Date of Award

Summer 2011

Degree Type

Dissertation

Degree Name

Doctor of Philosophy (PhD)

Graduate Group

Physics & Astronomy

First Advisor

A. T. Charlie Johnson

Abstract

Graphene and carbon nanotubes are extreme mechanical and electronic materials which have been the subjects of intense study and development since their discoveries. While many of their intrinsic properties have been discovered, their interactions with other materials are only beginning to be explored.

The noncovalent binding of single-stranded DNA oligonucleotides to carbon nanotubes and graphene has been seen to give rise to effective gas sensors. We examine similar systems to each of these in turn, imaging carbon nanotubes decorated with single-stranded DNA in Transmission Electron Microscope, and performing X-ray reflectivity of a single-stranded DNA film on graphite. The TEM study shows that the DNA bunches up along tubes but does not tend to clump on single tubes. Helical wrapping is not seen on single tubes. X-ray reflectivity shows that DNA on a graphite surface forms an inhomogeneous layer around 1.6 nm thick.
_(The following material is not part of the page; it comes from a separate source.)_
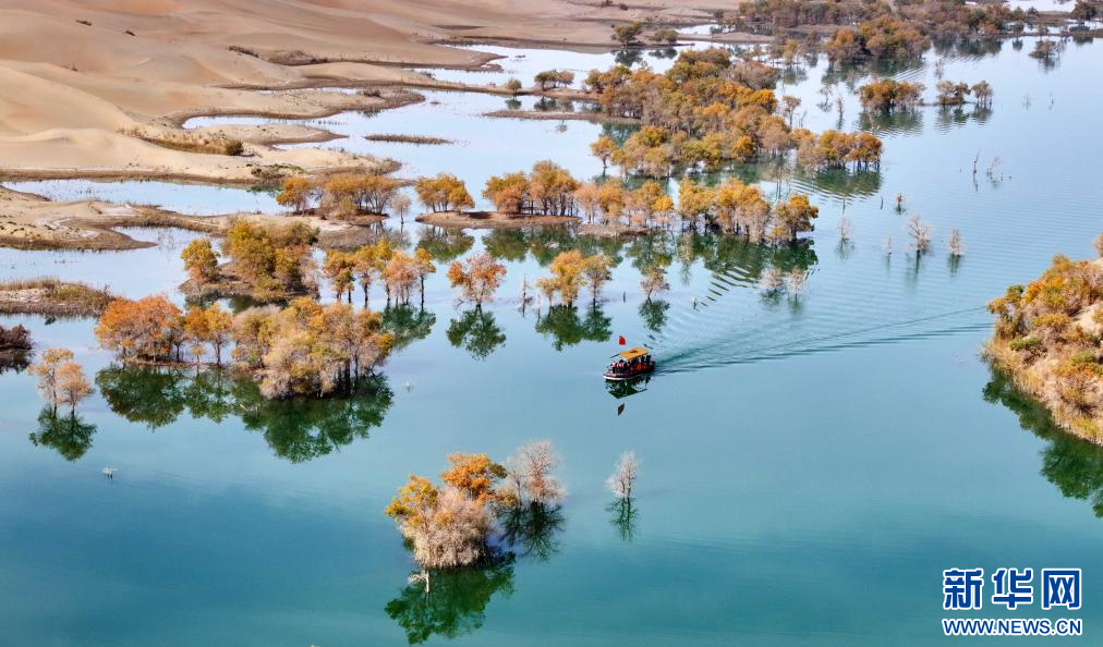 游客乘船在新疆生产建设兵团第二师三十三团的胡杨林间游览(无人机照片,10月20日摄)。新华社记者 李响 摄pagebreak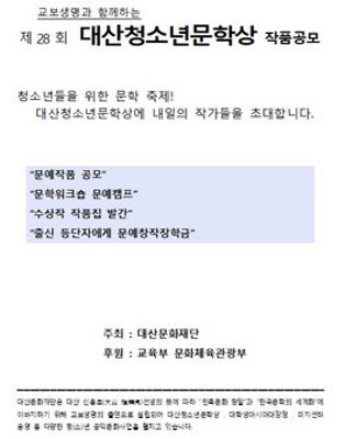 금상 수상자는 각 150만원, 은상 수상자는 각 70만원, 동상 수상자는 각 50만원을 받습니다.심사에는 시 부문 심재휘, 이수명, 황인찬 시인, 소설 부문 구효서, 박금산, 윤해서, 황선미 소설가가 참여했습니다.대산청소년문학상은 공모를 통해 받은 작품 중 수상후보를 선발한 뒤, 2박3일간 문예캠프와 백일장을 실시해 최종수상자를 선정해왔습니다.

The differences between the various thicknesses of few-layer graphene are substantial though often underappreciated. These differences are highlighted in the system of several-nanometer metal particles on few-layer graphene flakes. We formed such particles by evaporation and annealing, then examined them in Scanning Electron Microscope. We found that gold nanoparticles were circular and experienced limited growth, with the radius varying as the number of layers to the 1/3 power. A theoretical explanation is given for this observation, based on an electrostatic interaction. This theory is also consistent with observations for titanium and silver nanoparticles. Ytterbium nanoparticles on graphene form instead into filaments. A related theory is presented showing that the same electrostatic interaction is capable of overcoming surface tension to deform particles from circularity.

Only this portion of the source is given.